143A Principles of Operating Systems

In this assignment you'll increase the maximum size of an xv6 file. Currently xv6 files are limited to 140 sectors, or 71,680 bytes. This limit comes from the fact that an xv6 inode contains 12 "direct" block numbers and one "singly-indirect" block number, which refers to a block that holds up to 128 more block numbers, for a total of 12+128=140. You'll change the xv6 file system code to support a "triply-indirect" block in each inode, containing 128 addresses of doubly-indirect blocks, each of which can contain up to 16384 addresses of data blocks.

Question 1
Using the triple indirect system what is the maximum number of blocks one inode can address?
This corresponds to how many bytes on disk?

Question 2

If we were to implement a doubly-indirect system instead of a triple-indirect system what would be the maximum number of blocks one inode could address?
This corresponds to how many bytes on disk?

Preliminaries

mkfs initializes the file system to have fewer than 1000 free data blocks, too few to show off the changes you'll make. Modify the code at the start of param.h to read (thats 128*128*128 blocks or 1GB)

You don't really need 1GB since we only be writing 160MB of data, so you can play with this number if generating a file system take too long. Note:
During make mkfs.c has to build a 1GB File system. This takes some time, sometimes up to a minute depening on the machine, be patient.

Download big.c into your xv6 directory, add them to the UPROGS list (same as you did for ps), start up xv6, and run big. It writes 4 files: 16MB, 32MB, 48MB, and 64MB, and then reads them --- this will help you to test your solution. Big writes 1mb at a time, which is significantly faster (and yet it takes quite a bit of time).

What to Look At

Note
Since you're using a triple indirect systemyou will have to add more defines to fs.h.

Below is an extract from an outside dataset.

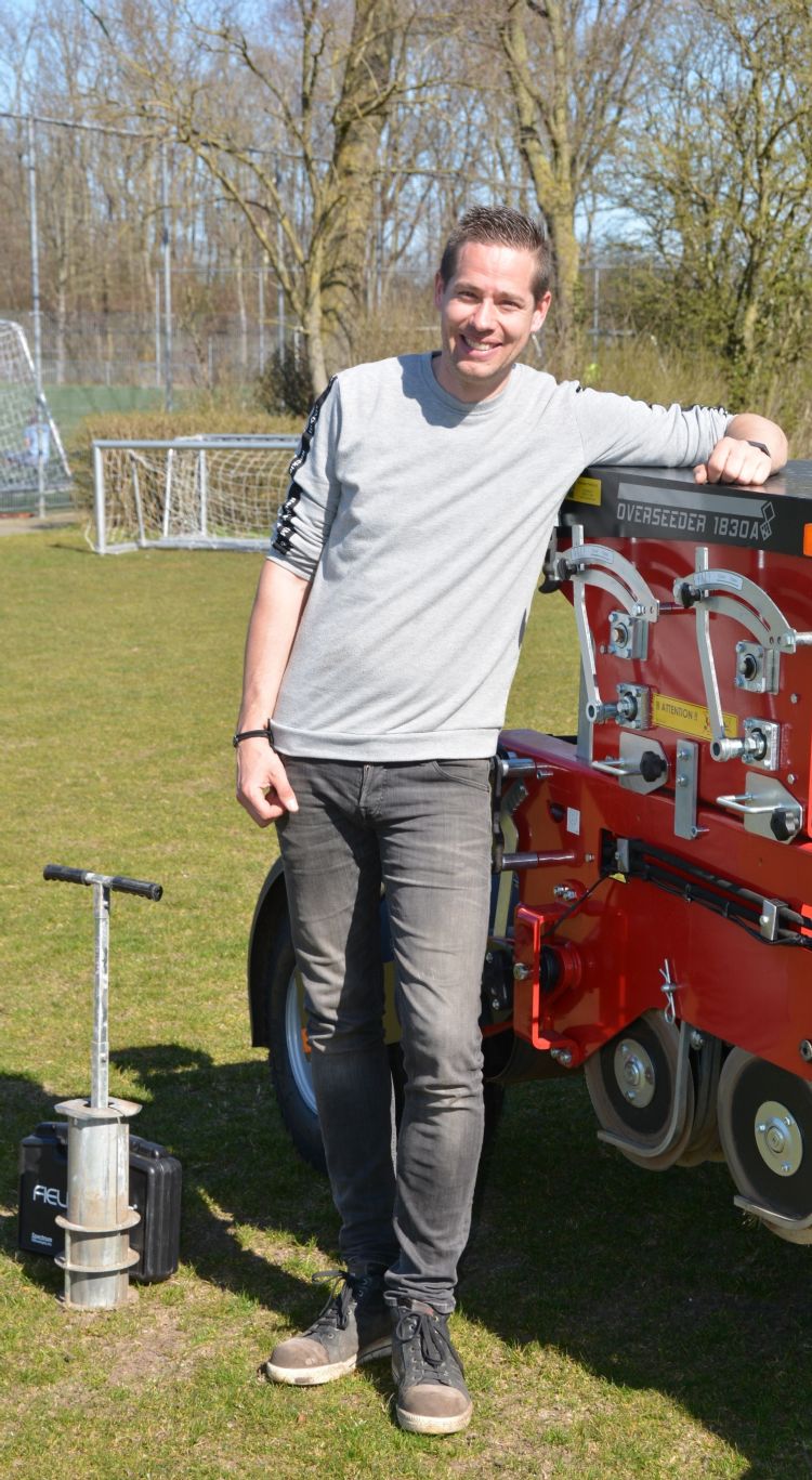 'In Stadskanaal beheren we de sportvelden al ruim tien jaar chemievrij en dat levert weinig problemen op. In 2009 zijn we gestopt met vergif spuiten, toen we overstapten op organische meststoffen. Dat hoort niet bij elkaar. Tegelijk zijn we begonnen met het vaker beluchten van de velden voor een gezonde bodem en goede wortelgroei. Sinds een jaar of vijf zaaien we de velden bovendien zo vroeg mogelijk na de winter door, al tijdens de competitie, als de tempartuursom hoog genoeg is. Met de gangbare SV7- en SV8-mengsels en soms RPR krijgen we de grasmat weer snel gesloten, waardoor we weinig last hebben van onkruiden. De velden zullen nooit 100 procent onkruidvrij worden. Hier en daar groeit wel een witte klaver of een weegbree, maar het is goed beheersbaar en niemand stoort zich eraan. Wel lijkt het of we sinds de omschakeling wat meer last hebben van engerlingen en emelten. Ad van Bruggen van Biocontrole helpt ons met de monitoring en de bestrijding met nematoden als het nodig is. Alle onderhoud in Stadskanaal wordt uitgevoerd door een vaste aannemer, maar ik bepaal zelf per veld wat er moet gebeuren. Tegen het eind van de competitie ga ik alle velden langs om een lijstje te maken van noodzakelijke werkzaamheden. Voorheen stak ik hierbij regelmatig de schop in de grond. Daar heb ik steeds minder tijd voor, maar het is ook minder nodig. We hebben weinig problemen. Wat erg helpt, zijn de goede contacten met de verenigingen. In overleg lukt het om de meeste trainingen in het voorjaar te verplaatsen naar de wedstrijdvelden, waardoor we de trainingsvelden al in april kunnen aanpakken. Je profiteert dan van een langere rustperiode en de gunstige periode in het groeiseizoen, waardoor de grasmat sterker de zomer in gaat en onkruiden minder kans krijgen.'

The code that finds a file's data on disk is in bmap() in fs.c. Have a look at it and make sure you understand what it's doing. bmap() is called both when reading and writing a file. When writing, bmap() allocates new blocks as needed to hold file content, as well as allocating an indirect block if needed to hold block addresses.

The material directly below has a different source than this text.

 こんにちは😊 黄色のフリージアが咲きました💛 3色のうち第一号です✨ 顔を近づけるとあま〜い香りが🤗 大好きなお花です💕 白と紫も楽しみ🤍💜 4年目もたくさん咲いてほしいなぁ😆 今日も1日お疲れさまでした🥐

bmap() deals with two kinds of block numbers. The bn argument is a "logical block" -- a block number relative to the start of the file. The block numbers in ip->addrs[], and the argument to bread(), are disk block numbers. You can view bmap() as mapping a file's logical block numbers into disk block numbers.

Your Job

One thing to remember is each entry with a ... points to a table as well, I just couldn't make the graph in ascii like that.
Another way to think about it is a 3D array table[128][128][128].

After you have modified bmap() you need to go into mkfs.c and modify iappend(). This c file gets run during the make process and builds the file system image which gets run with QEMU. The code and logic will be extremely similar to the code you had written in bmap().

You will have to implement these changes, these changes allow for you to write large files into the xv6 filesystem.

You don't have to modify xv6 to handle deletion of files with triple-indirect blocks.

Hints

Make sure you understand bmap(). Write out a diagram of the relationships between ip->addrs[], the direct blocks, the triple-indirect blocks. Make sure you understand why adding a triple-indirect block increases the maximum file size by such a large factor.

Think about how you'll index the triple-indirect block, and the double blocks and single blocks it points to, with the logical block number.

If your file system gets into a bad state, perhaps by crashing, you may need to delete fs.img (do this from Unix, not xv6).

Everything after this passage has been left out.